I know that a 2x4 is actually 1.5x3.5 because the 2 and 4 refer to the rough-sawn dimensions. But when planing a rough 1x2 and other 1 inch nominal thickness lumber into S4S, why do they only take 1/8" off each surface in the 1-inch dimension? Even on that size board mills take 1/4" off each side in the larger dimension.

1 Answer 1


This has been answered elsewhere on the Internet, though there seem to be a few different stories running around.

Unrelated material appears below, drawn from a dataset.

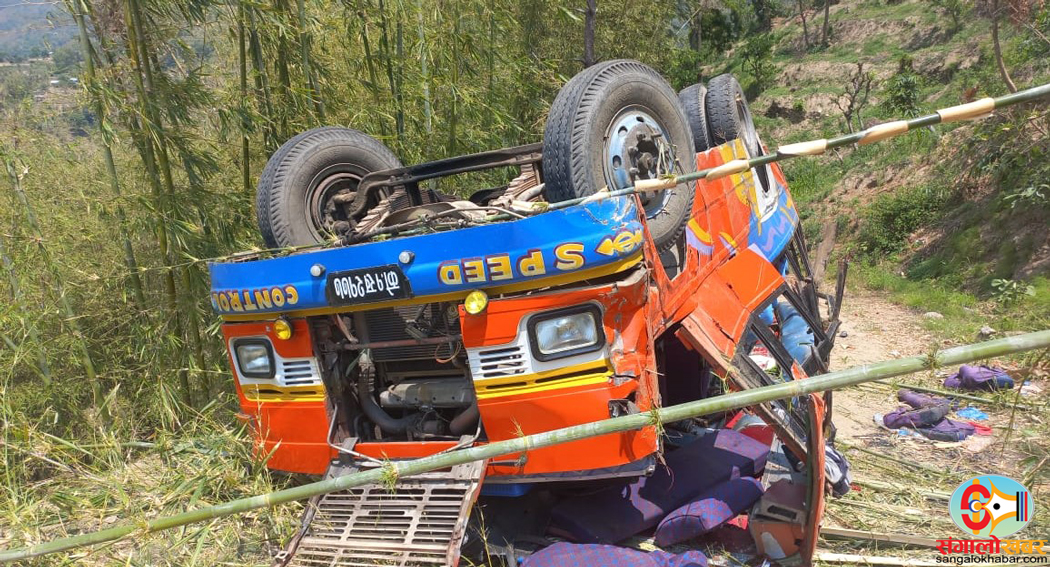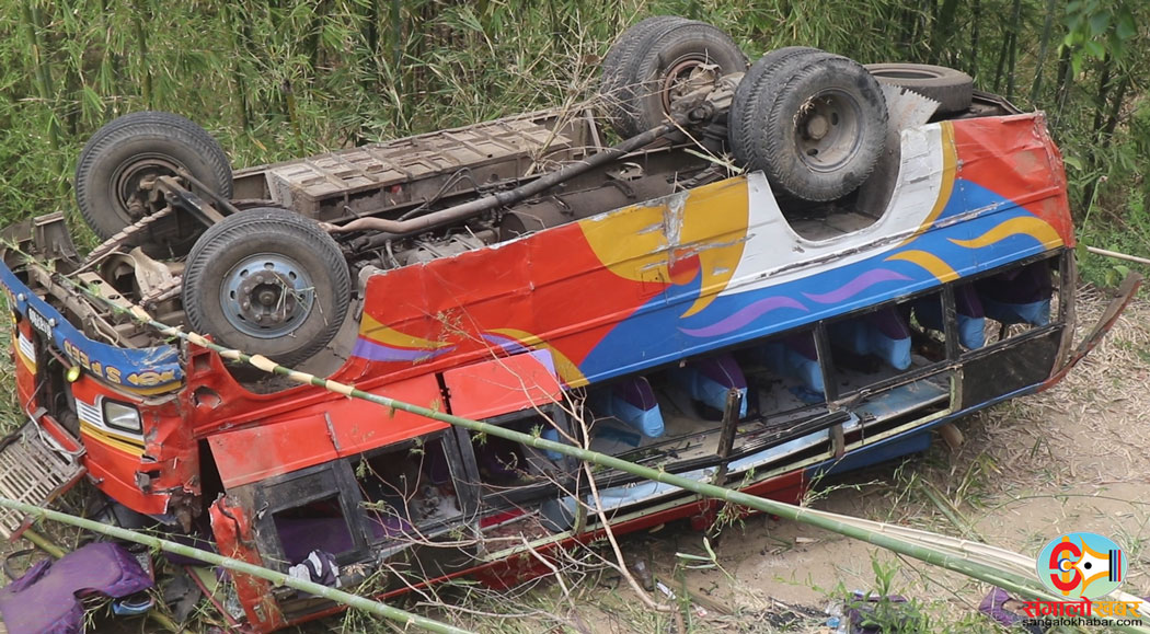 उकालो बाटोमा एक्कासि ब्रेक र स्टेरिङ फेल हुँदा पछाडि सरेर बस करिब ५० मिटर तल खसेको छ ।

The one I currently believe is that nominal 1" is actually 1" unsurfaced -- but what you buy as construction lumber is typically s4s (surfaced 4 sides). That means some wood has been planed away. To make that predictable, the convention was established that 1/8" could be removed from each side of a 1" thickness.

Yes, it's weird. But that"s how the industry has decided to label things. It's much like the fact that hard drives were often measured in metric base-10 gigabytes rather than the power of two that programmers normally would call a gigabyte -- annoying but there really isn't much we can do but be aware of it.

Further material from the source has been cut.